An unobstructed view no matter your head positioning is of paramount importance.

Top pick: 100% Speedcraft Long Lens; $175, Ride100percent.com

It’s tough to find a product that appeals equally to triathletes and enduro mountain bikers, but the Speedcraft fits the bill because of its extended lens coverage and moto styling. 100% is a brand best known for outfitting downhillers with goggles, but the Speedcraft packs plenty of performance features triathletes will appreciate, such as the extended upper part of the lens that increases visibility when your head is tilted down. Extra space between the water-repellent lens and your face increases airflow while the wrap-around design holds the frame in place. Each model comes with extra lenses and interchangeable nose pads.

Lens

Choosing a quality lens may be the most vital decision when it comes to selecting a pair of multisport lenses. Consider things like airflow, contrast and crispness of vision.
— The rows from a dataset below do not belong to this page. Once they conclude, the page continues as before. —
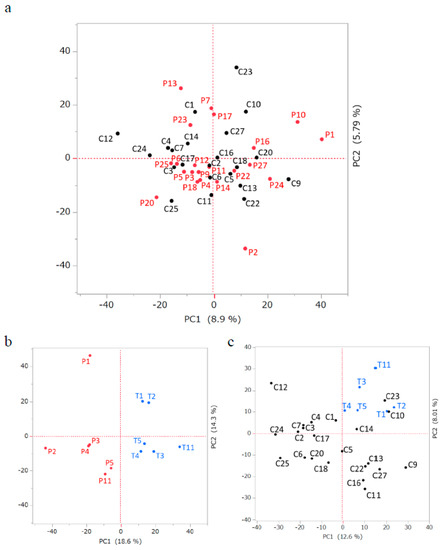 Principal component analysis of miRNA expression levels in each group comparison after exclusion of outlier data. The X and Y axes represent the first and the second principal components with contribution ratios in percentages. Control and patient groups (a), patient and treated group (b), and control and treated groups (c). “C”, “P”, or “T” with numbers indicate the samples in each group.
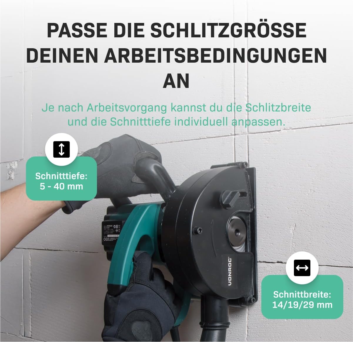 ![VONROC Schlitzfräse Mauernutfräse mit Absaugung [1700W] - Nutfräser für Kabelnut [14/19/29mm] - Schlitzmaschine 150mm mit Schnittiefe [4-40mm] inklusive 4 Diamantscheiben – Bild 5](https://werkking.de/wp-content/uploads/2026/04/61fDEHfqL5L._AC_SL1201_.jpg)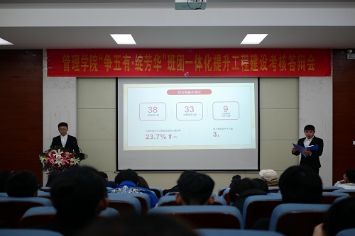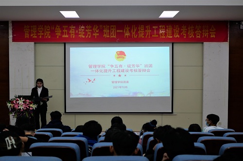 12月2日下午,管理学院在4号教学楼二楼报告厅开展2020-2021学年“争五有·绽芳华”班团一体化提升工程建设考核答辩会。本次会议由团建事务工作常驻志愿者亓育玺主持,学院辅导员靳祺、郑坤担任评委,20级班长、团支书及大众评审参与本次会议。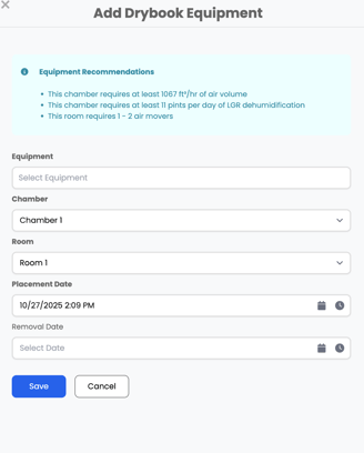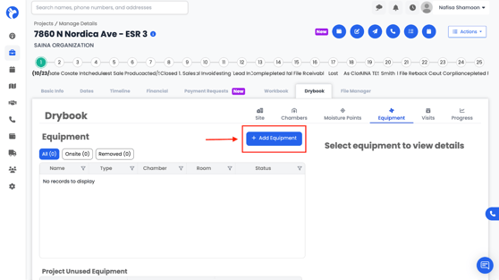 📘Note: To add equipment through DryBook, you must first create the DryBook for the project.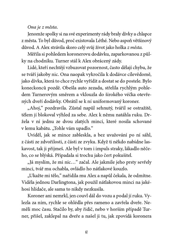 Když v kampusu najdou mrtvou dívku, ona je jediná, kdo nevěří líbivě učesanému vysvětlení, se kterým přišla policie. Alex totiž moc dobře ví, že tajné spolky jsou hrozivější a podivnější, než si kdo vůbec umí představit. Zahrávají si se zakázanou magií. Oživují mrtvé. A jejich kořistí se někdy stávají i živí…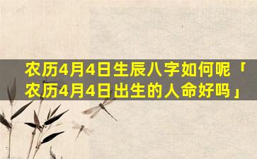 农历 🕷 四月四日出生的人命好不好不,能,一概而论需要结合具体出 🌾 生年月时辰来判断。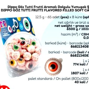 DİPPO DOLGULU YUMUŞAK ŞEKER GÖZ (ADET FİYATI 9.5 TL’DİR. KÜRE İÇİ 65 ADETTİR.)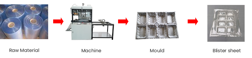 Automatic material feeding→Heating→Vacuum forming→Sheet Clamping and pull -out by manipulator→ Sheet cutting and stacking.

Top pick: Oakley Radar EV Path Prizm Road; $190, Oakley.com

If you’ve shied away from plunking down the cash for Oakleys in the past, know that the lens quality of the Prizm collection makes them well worth the price. The color and tint of the Prizm lens is finely tuned to increase contrast in a way that makes you feel like you’ve been given superhuman eyesight. Vents on the lens help increase airflow to prevent fogging while the earsocks and nosepiece maintain their grip when you sweat. Like the 100% Speedcraft, the Radar EV has a taller lens to extend your upper field of view while riding in the aerobars.

Adjustability

If you want to maximize your spend, find a frame that can go from sporty to casual or from rainy to a bright summer day—it’s like having four pairs for the price of one.

Top picks: Tifosi Launch SFH; $150, Tifosioptics.com, Ryders Eyewear Strider Photochromic antiFOG; $130, Ryderseyewear.com

The Tifosi Launch SFH is a quiver of sunglasses in a single box. You can set them up with the one-piece lens and frameless arm pieces for your ride, then swap to the full-frame, dual-lens setup for casual settings. There’s also the half frame option, which is suitable for pretty much any circumstance. There are four different lens tints included so you’re covered in every possible light condition. Swapping frames and lenses is a snap. Considering how much you get with this package, it’s a tremendous value.

If brightly-colored fighter-jet style sunglasses don’t suit your style, the Ryders Eyewear Strider has a classic shape with styling that makes these shades extremely versatile. The photochromic lens lightens and darkens depending on the light conditions so you don’t have to mess with swapping lenses and a permanent anti-fog layer keeps your vision clear in cold or humid climates. Adjustable nose pads allow you to customize the fit and fine tune the amount of airflow behind the lens.

Durability

Your sunglasses need to withstand countless rides and getting tossed around in a bag traveling from race to race, which makes durability is a non-negotiable.

Top pick: Aspire Eyewear Legendary; $290, aspireeyewear.com

While most frames are made with metal or plastic, Aspire recently came on the scene with a new solution called SDN-4, which is a proprietary nylon blend. This means they are light and flexible, without sacrificing durability. You can literally smash and twist these glasses and they spring back to their original shape.

Weight

When you’re sporting a quality pair of performance sunglasses, you’ll hardly be aware of them. Selecting a pair of sunnies that are light and slim will allow you to focus on the road ahead without distractions.

Top pick: Smith PivLock Arena Max; $159, smithoptics.com

The PivLocks are so light you’ll forget you’re wearing them about 15 seconds after you slide them onto your face. The fit works well for medium and smaller faces (the Arena Max offers more lens coverage while the PivLock Asana is designed specifically for women). Plenty of frame and lens color options means your shades can match your kit, and swapping between lenses can be done in about a minute. If anything goes wrong, the PivLocks are covered under Smith’s lifetime warranty.

Fit

Glasses that fall off your face or fit too tightly on your head have the potential to take you right out of the zone during a race. When trying on glasses, pay special attention to how they fit along the sides of your head, as well as on your nose.

Top pick: Rudy Project Tralyx; $250, E-rudy.com

The trademarked “Adaptive Tips” on the Tralyx flex to fit just about any face shape. The frame’s adjustable nosepiece takes things one step further by making the fit fully customizable.